Ino se veía nerviosa, como sí algo la atormentara. Papá me habló sobre como leer a las personas, él era del TKB, experto en perfiles. Yo quería ser como él algún día...Eso desgraciadamente no podrá ser.
–Tengo hambre...-Murmuré más para mi que para el resto.
–Espera, creo que tengo algo de fruta en esta mochila.- Dijo Hinata
–Gracias.- Mordí la manzana que me ofreció.
–Parece que tendremos que escapar de este sitio también...Estamos jodidos.
–Naruto-Kun, controla tu vocabulario. ¿Dónde está Sakura? He oído las sirenas, no es seguro estar fuera...¿Qué habrá pasado?

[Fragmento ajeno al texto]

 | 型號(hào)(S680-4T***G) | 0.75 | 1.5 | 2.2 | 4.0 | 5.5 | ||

El silencio entre nosotros se alzó frente al barullo de la multitud restante. Todos miraban al suelo en busca de algo de paz, incluso Dante había soltado su agarre en mi mano .Ahora la sensación fría me recorre.

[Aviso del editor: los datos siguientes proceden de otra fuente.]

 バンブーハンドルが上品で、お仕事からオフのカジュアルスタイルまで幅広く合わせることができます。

–Sakura está bien, está con Serpiente...Yo la vi.- Susurró Ino apretándose más contra Sai.
–¿Cuándo la viste? Siempre estás cerca de Sai y él estaba a unos metros del banco en el que Naruto y yo estábamos sentados.
–Nos enfadamos y salí corriendo...La vi entrar con él en un edificio y también...Vi a los pocos metros la causa de que estemos todos aquí.
–¿Qué ha pasado?
–Han hecho un boquete en la muralla.-Sonó tan imperceptible que apenas logré distinguir lo que decía. Al instante todos nos alarmamos.
–¿¡Qué!?
-No grites, debemos conservar la calma. En cuanto vi a uno de ellos entrar corrí como alma que lleva el diablo de vuelta. Dios sabe que habrá pasado, solo sé que ni Karin ni Suigetsu están aquí y que Sakura está fuera con Serpiente.

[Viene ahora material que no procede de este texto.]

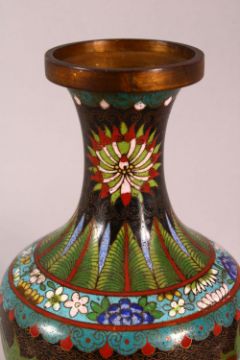 TWO CHINESE CLOISONNE VASES, one with dragons chasing pearls, the other with butterflies, 24cm & 15cm
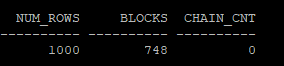 select num_rows, blocks, chain_cnt from dba_tables where owner='HR' and table_name = 'MIG_TABLE';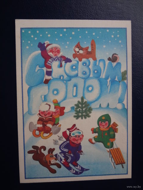 С Новым годом! 1987 г. Дети, горка, санки, лыжи. подписанная.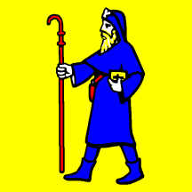 Or St. Jakobus passant clad Azure holding in dexter a Crozier Gules and in sinister a Bible of the first.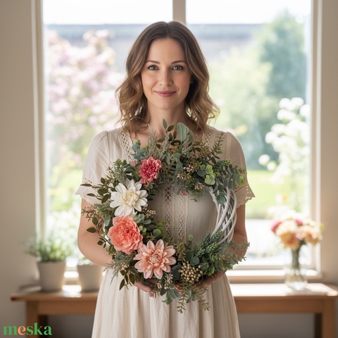 Virágos ajtódísz – természetes hatású, elegáns koszorú pasztell árnyalatokkal

–Solo nos queda esperar-Dijo Dante.
–La señorita Sakura estará bien, ella es muy valiente.- Sólo nos quedaba la esperanza, si ellos no tenían yo la tendría por todos.
SAKURA
–La situación está controlada, no han habido infectados ni bajas. Hemos bloqueado la brecha sin sobresaltos.
–Gracias, vuelve a tu puesto.- El hombre salió apresuradamente de la sala después de un asentimiento.- Ves que no era para tanto, miedica.
–Eso se lo dirás a quién yo sé...- Se acercó peligrosamente a mi acorralándome contra la pared tras de mi.- ¿Qu...Qué haces? Idiota.
Sonrió de lado y fue bajando su rostro lentamente hasta que quedó a un costado del mío. Sus manos se posaron suavemente en mi cintura atrayéndome más a él. Me acariciaba de arriba a abajo lentamente. Mi respiración se hizo pesada.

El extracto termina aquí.